For an afterword on Pope Benedict XVI’s visit to the United States, I turn to two old friends who shared some serious thoughts with me regarding papal visits and American Catholicism. I found the contrast and the convergence between them illuminating. Maybe you will, too.
Friend Number One suggested a comparison between Christianity in St. Paul’s day and conditions now, and pointed to a return to Paul’s hope-filled, apostolic spirit as the best antidote to contemporary ills of the Church. Recalling Paul’s letter to the Philippians — the Macedonians who were the first Christian community in Europe — he wrote:
“He urged them to rejoice and stop quarreling. The best was yet to come. He wanted them to know that their petty problems were minor compared with the bright future ahead.
“He spoke to them with a quiet compassion, recognizing that although the Greatest Commandment — to love God with your whole mind, heart, and soul — would bear fruit in the splendors of Christendom, the second great commandment — to love your neighbor — required deep pastoral concern and genuine interest in local problems.”
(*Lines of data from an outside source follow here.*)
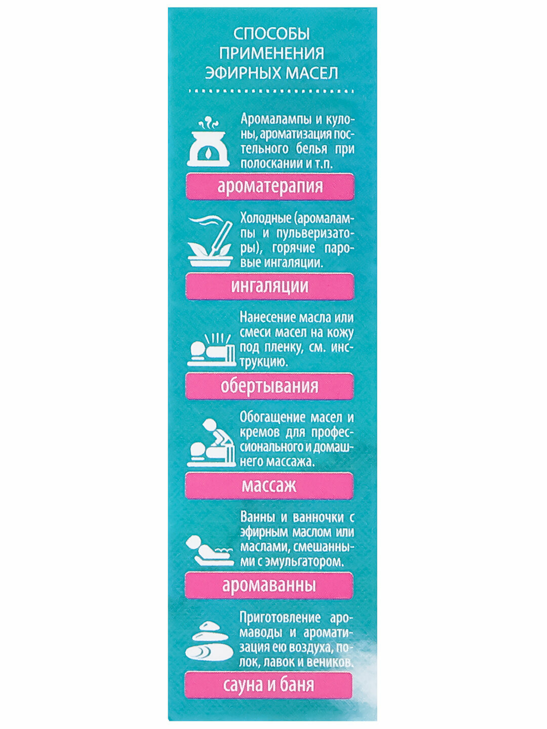 | Способ применения | Ароматерапия, ультразвуковой аромадиффузор, баня, ванна, косметика, массаж |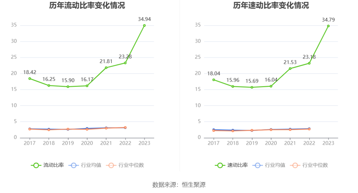 2023年,公司流动比率为34.94,速动比率为34.79。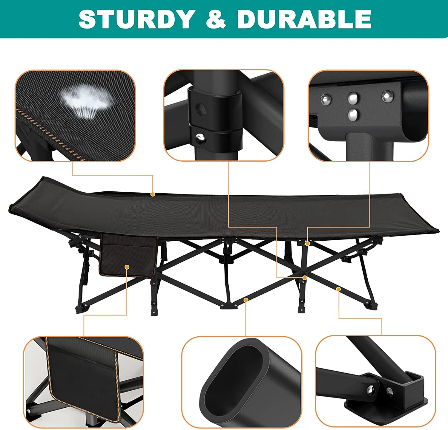 ABORON Oversized XL Folding Sleeping Cots for Adults, 900lb Loading Double-Layer 1200D, Heavy Duty Guest Bed W/Mattress & Carrying Bag - Curated Treasures Market
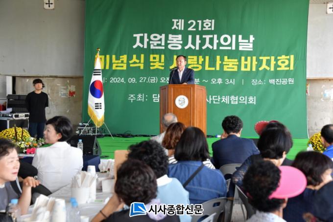 [½Ã»çÁ¾ÇսŹ® = ¿À½ÂÅà ±âÀÚ] ´ã¾ç±º ÀÚ¿øºÀ»çÇùÀÇȸ ÁÖ°üÀ¸·Î 27ÀÏ ¹éÁø°ø¿ø ÀÏ¿ø¿¡¼ ¿¸° ¡®Á¦21ȸ ÀÚ¿øºÀ»çÀÚÀÇ ³¯ ±â³ä½Ä ¹× »ç¶û³ª´® ¹ÙÀÚȸ¡¯°¡ 1,000¿© ¸íÀÇ ÀÚ¿øºÀ»çÀÚ¿Í Áö¿ªÁֹεéÀÌ Âü¿©ÇÑ °¡¿îµ¥ ¼ºÈ²¸®¿¡ ¸¶¹«¸®µÆ´Ù.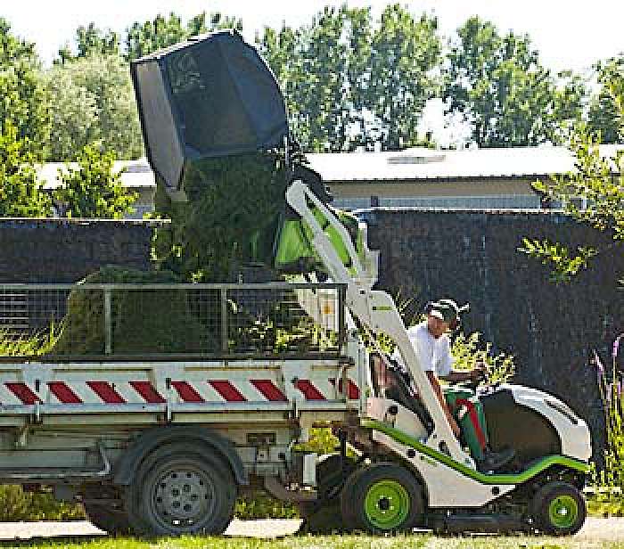 Unterschiedliche EntleerungModell HVSP, Bodenentleerung: Die hydraulische Entleerung des Grasfangkorbes erfolgt vom Fahrersitz aus.Modell HVHP, Hochentleerung: Die hydraulische Anhebung des Korbes, die bei diesem Modell serienmäßig ist, sowie die Korbleerung erfolgen durch Bedienen eines Hydraulikverteilers vom Fahrersitz aus. Die Entleerung kann laut Hersteller in allen Positionen am Boden und bis zu 1,83 Meter Höhe durchgeführt werden.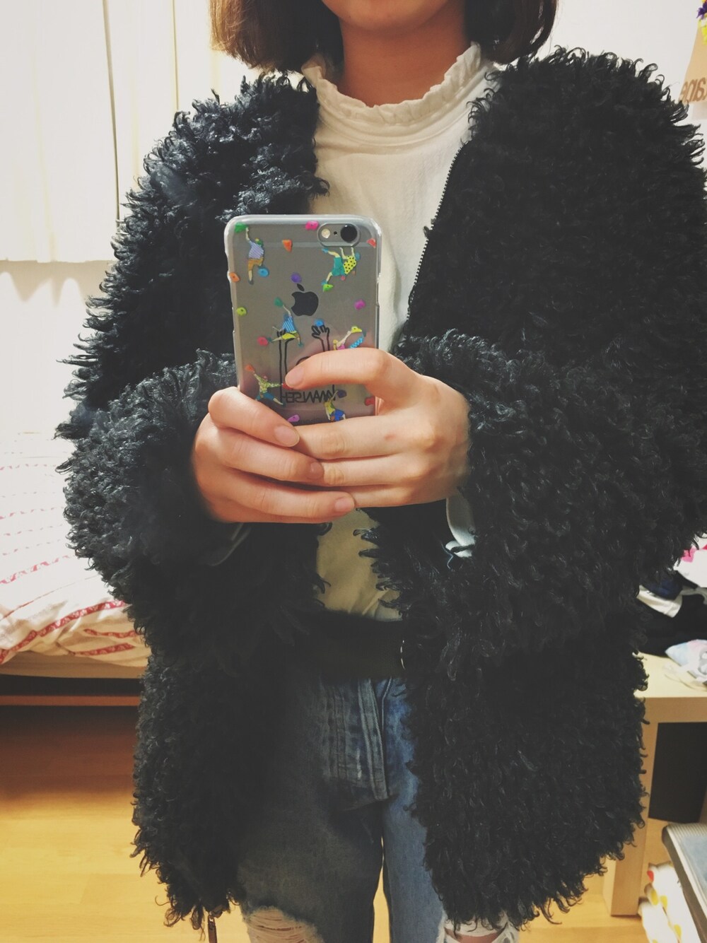 久々にモコモコ着たよ🐻 and peapleカフェめちゃオシャレだった💟 Kastaneの便利ベルト最高( ¨̮ ) さ、今日は高円寺で古着とキャップ探し😳💕
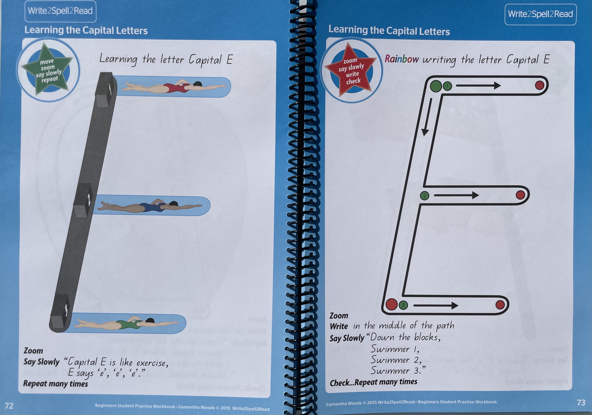 Lowercase letters are taught first in ‘Letter Groups’ based around similar handwriting movements and ‘Writing Talk,’ followed by capitals in sequence.Practice is fun using many coloured pencils, ‘Rainbow Writing’, or using the transparent wipe clean overlay sheet included, with a whiteboard marker. Individual ownership of this Practice Workbook accelerates fast, automatic handwriting and literacy success. Beginners Handwriting includes a Handwriting Overview and Scope and Sequence, as well as Learning Method Instructions.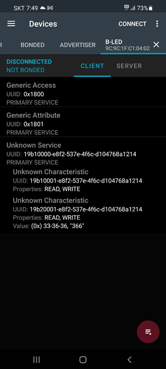 BLEByteCharacteristic switchCharacteristic("19B10001-E8F2-537E-4F6C-D104768A1214", BLERead | BLEWrite);

Today, my friend observed, people sometimes write off Christianity’s prospects in Europe (and in other places as well — including the United States). Paul of Tarsus wouldn’t do that. To the Philippians, Paul hammered home the idea that the remarkable resiliency of the Church is attributable in the end to faith in “a God who…knows how to get up out of the grave.”
It’s the same message that even now comes “pulsing down the centuries to us in every springtime renewal of the Kingdom of God.” We’ve heard it preached by Pope Benedict in these days. But how are we to recapture that spirit and accomplish that result? Here’s where Friend Number Two comes in. He pointed to something that happened — or, more accurately, didn’t happen — after Pope John Paul II’s second U.S. trip in 1987.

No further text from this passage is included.